What you need to do
Leaving out every picture, please repeat exactly the line that contains "企业组织、业务、产品和价值链" and each line after it through the final line below.

Top of Data extract

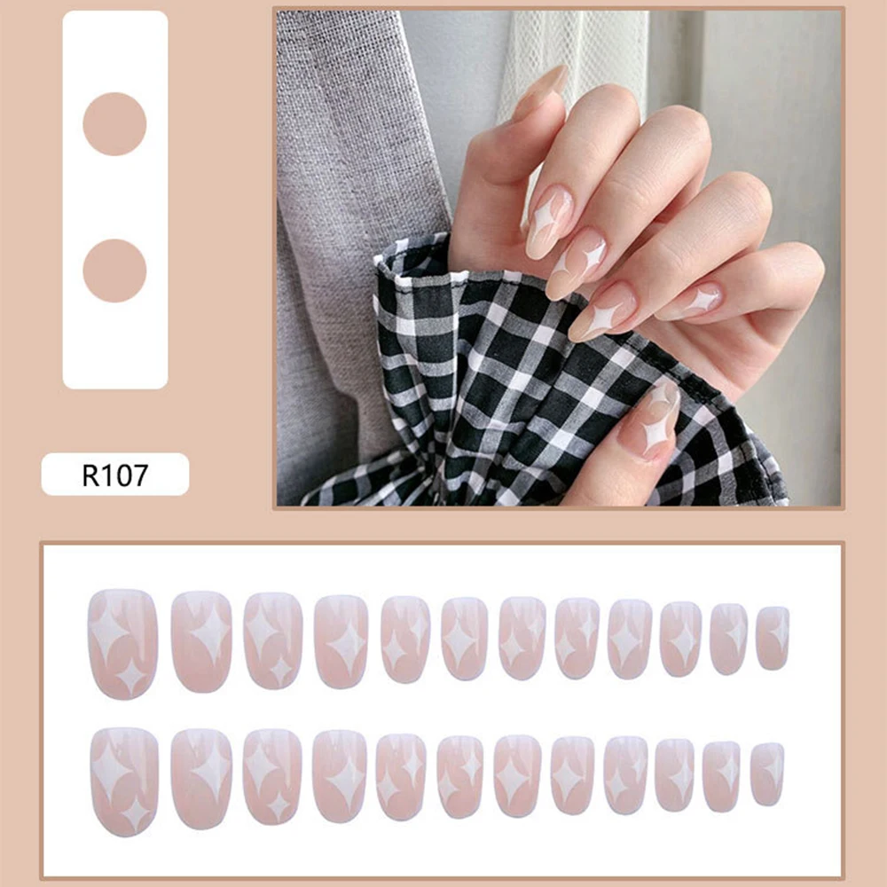 Накладные ногти разных стилей, 24 шт., цветные накладные ногти со съемным рисунком пламени, обнаженными французскими звездами, накладные ногти в форме накладных ногтей
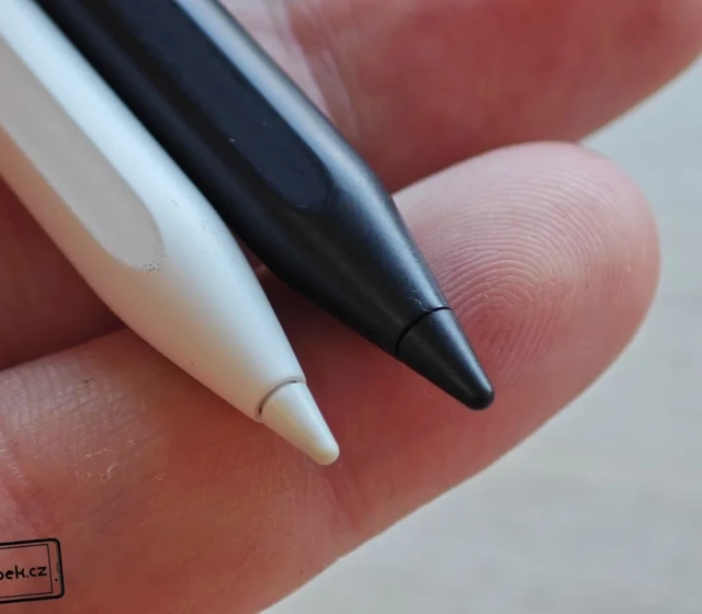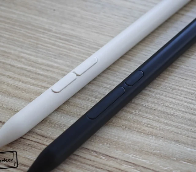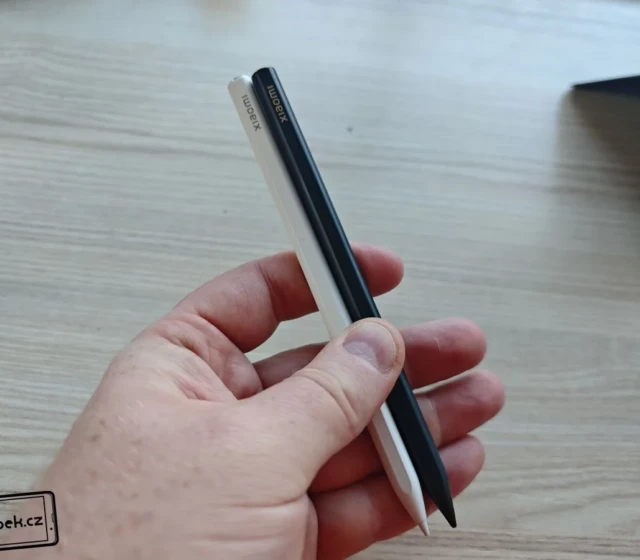 Jsem rád, že mám možnost porovnat příslušenství k menšímu Xiaomi Pad 6 s větším modelem Xiaomi Pad 6S Pro 12.4. Vedle sebe jsem mohl porovnat pero pro kreslení, psaní nebo právě snadné ovládání menších prvků během editace fotek a videí. Velikost obou per je totožná a vlastně velkou změnou neprošel ani design. Nový model je v hezčím černém provedení a najdeme na něm o jedno tlačítko navíc. To slouží jako červené ukazovátko, což se třeba ve firmách rozhodně může hodit a funguje to velmi dobře. Další tlačítka pak slouží pro rychlé vytvoření screenshotu o libovolné velikosti a režim psaní.
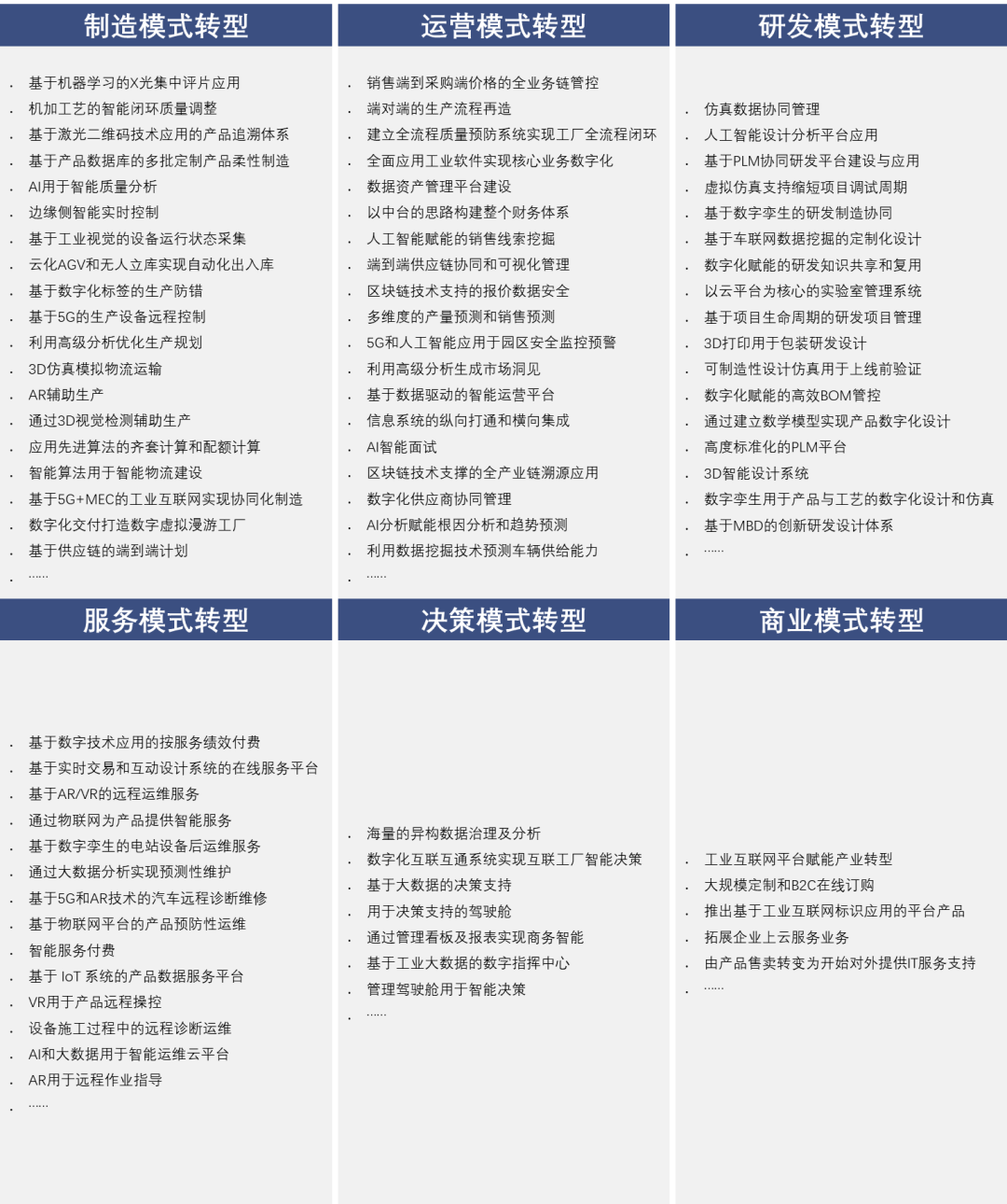 企业组织、业务、产品和价值链的复杂性,为工业企业的数字化转型带来诸多障碍。事实上,数字化转型并非单项技术的应用,也不仅仅是个技术命题,更是一个战略和管理命题。因此,企业需要深度剖析数字化转型的需求和突破口,确定明确的数字化转型方向。经过多年对工业企业数字化转型进程及转型路径的深度剖析,提出了工业企业数字化转型6大典型路径,即:商业模式转型、研发模式转型、制造模式转型、服务模式转型、运营模式转型和决策模式转型。
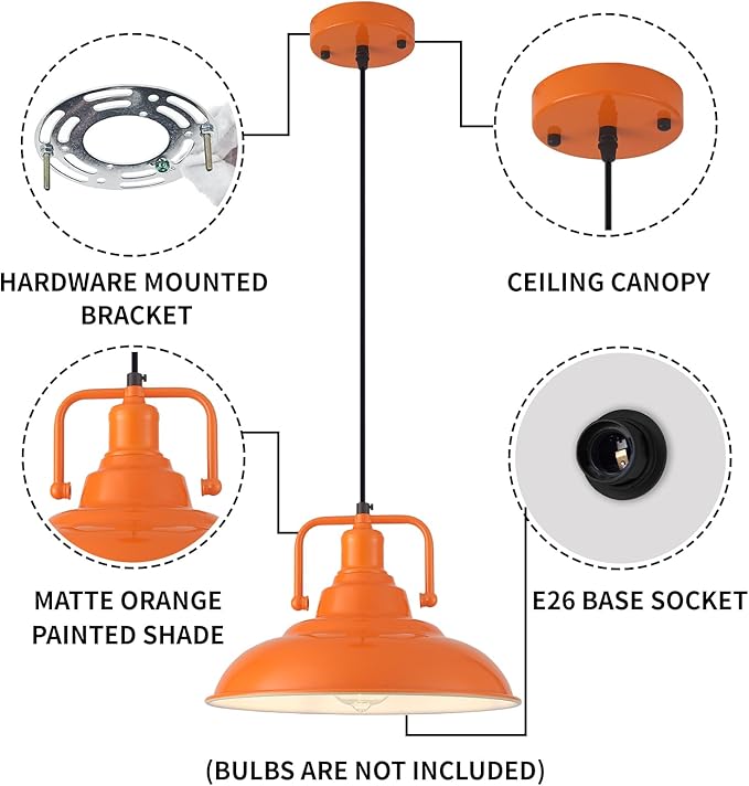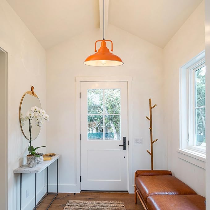 Unique Design:This orange pendant light is built with reference to the retro industrial style design, creating a unique design style. It is not only a home lighting tool, but also a decorative piece, suitable for hallways, living rooms, kitchens, bedrooms, bars and many other places

Bottom of Data extract

Answer
 企业组织、业务、产品和价值链的复杂性,为工业企业的数字化转型带来诸多障碍。事实上,数字化转型并非单项技术的应用,也不仅仅是个技术命题,更是一个战略和管理命题。因此,企业需要深度剖析数字化转型的需求和突破口,确定明确的数字化转型方向。经过多年对工业企业数字化转型进程及转型路径的深度剖析,提出了工业企业数字化转型6大典型路径,即:商业模式转型、研发模式转型、制造模式转型、服务模式转型、运营模式转型和决策模式转型。
 Unique Design:This orange pendant light is built with reference to the retro industrial style design, creating a unique design style. It is not only a home lighting tool, but also a decorative piece, suitable for hallways, living rooms, kitchens, bedrooms, bars and many other places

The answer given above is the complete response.